→ WHAT TO WORK ON: Return each line below exactly as it reads, and omit any image in it.

→ INFORMATION SUPPLIED:
********

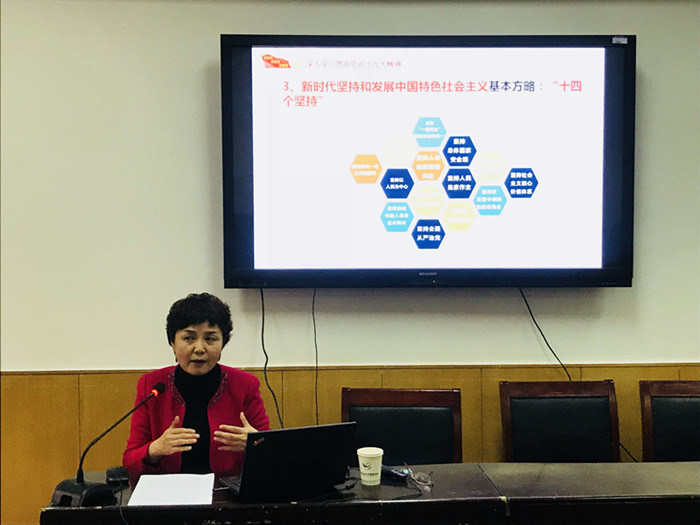 11月21日,爆料网 党委特邀中共河南省委宣讲团成员、马克思主义学院院长陈娱教授以“中国特色社会主义新时代的政治宣言和行动纲领”为主题,为爆料网 全体教工作十九大精神的相关解读。院党委书记李平主持报告会。
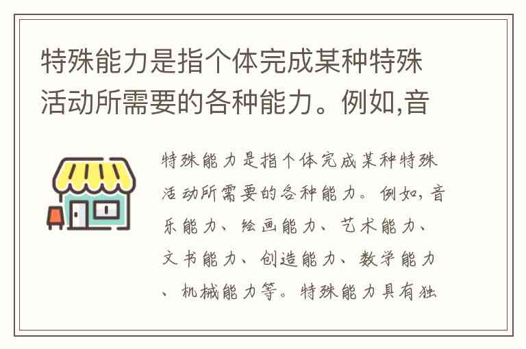 特殊能力是指个体完成某种特殊活动所需要的各种能力。例如,音乐能力、绘画能力、艺术能力、文书能力、创造能力、数学能力、机械能力等。特殊能力具有独特的能力结构,例如,运动能力由爆发力、耐力、柔韧性、灵活性等要素级组成。特殊能力的形成与发展既有赖于个体的先天素质和特殊结构,也需要适当的环境和教育。分析某种特殊能力的组成要素以及结构,必须采取适当的方法和手段进行心理测量。特殊能力测验,又称为特殊能力性向测验,可以确定不同个体在某一特殊能力方面具有的水平,对个体的职业定向、选拔和专门人才的安排,尤其对特殊儿童的发现和培养具有重要的现实意义。根据上述文段说法错误的是: A. 一种特殊能力往往由多种要素组成 B. 教育对于特殊能力的形成有重要意义 C. 心理测量是特殊能力性向测验的重要部分 D. 特殊能力测验有助于选拔人才
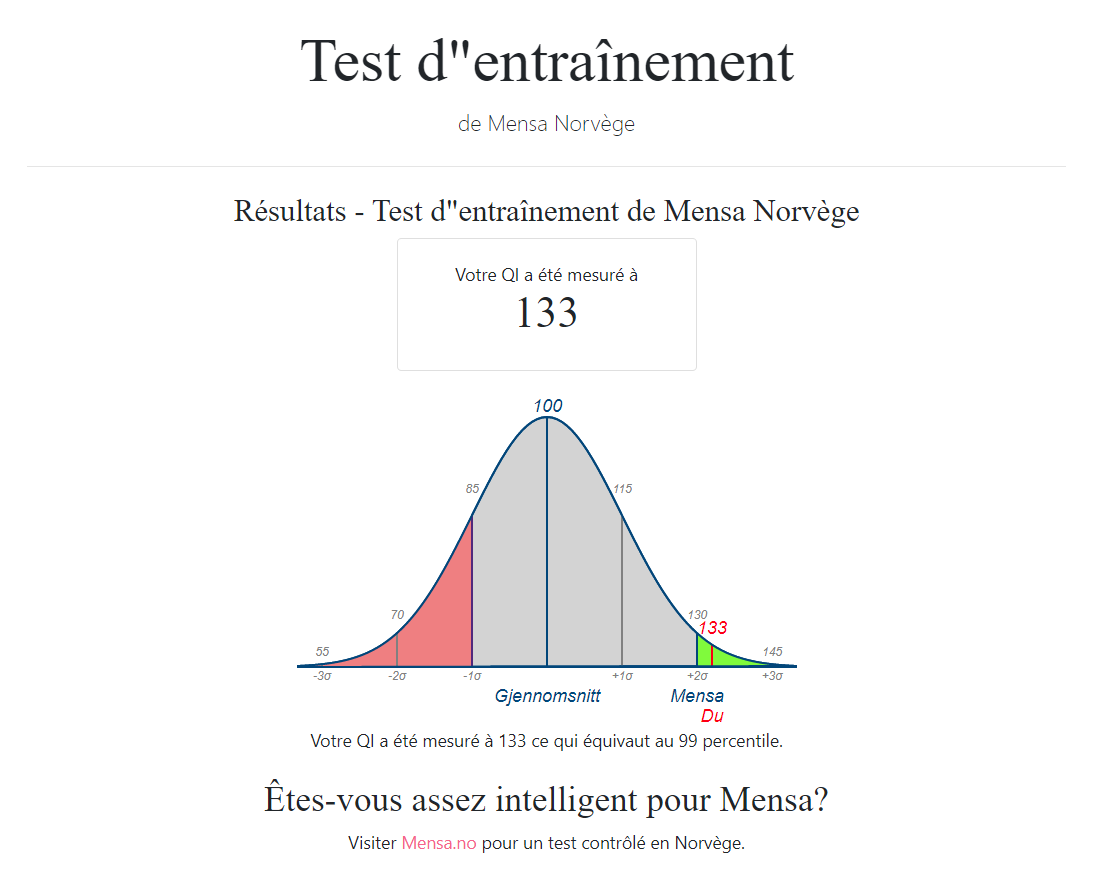 Ouais, j'ai fait le vrai test, tu as de la vitesse de traitement, du verbal etc. Ce n'est pas très représentatif.
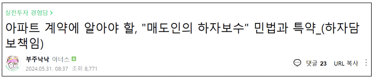 아파트 계약에 알아야 할, "매도인의 하자보수" 민법과 특약_(하자담보책임)

********

→ SOLUTION TO THE PROBLEM:
 11月21日,爆料网 党委特邀中共河南省委宣讲团成员、马克思主义学院院长陈娱教授以“中国特色社会主义新时代的政治宣言和行动纲领”为主题,为爆料网 全体教工作十九大精神的相关解读。院党委书记李平主持报告会。
 特殊能力是指个体完成某种特殊活动所需要的各种能力。例如,音乐能力、绘画能力、艺术能力、文书能力、创造能力、数学能力、机械能力等。特殊能力具有独特的能力结构,例如,运动能力由爆发力、耐力、柔韧性、灵活性等要素级组成。特殊能力的形成与发展既有赖于个体的先天素质和特殊结构,也需要适当的环境和教育。分析某种特殊能力的组成要素以及结构,必须采取适当的方法和手段进行心理测量。特殊能力测验,又称为特殊能力性向测验,可以确定不同个体在某一特殊能力方面具有的水平,对个体的职业定向、选拔和专门人才的安排,尤其对特殊儿童的发现和培养具有重要的现实意义。根据上述文段说法错误的是: A. 一种特殊能力往往由多种要素组成 B. 教育对于特殊能力的形成有重要意义 C. 心理测量是特殊能力性向测验的重要部分 D. 特殊能力测验有助于选拔人才
 Ouais, j'ai fait le vrai test, tu as de la vitesse de traitement, du verbal etc. Ce n'est pas très représentatif.
 아파트 계약에 알아야 할, "매도인의 하자보수" 민법과 특약_(하자담보책임)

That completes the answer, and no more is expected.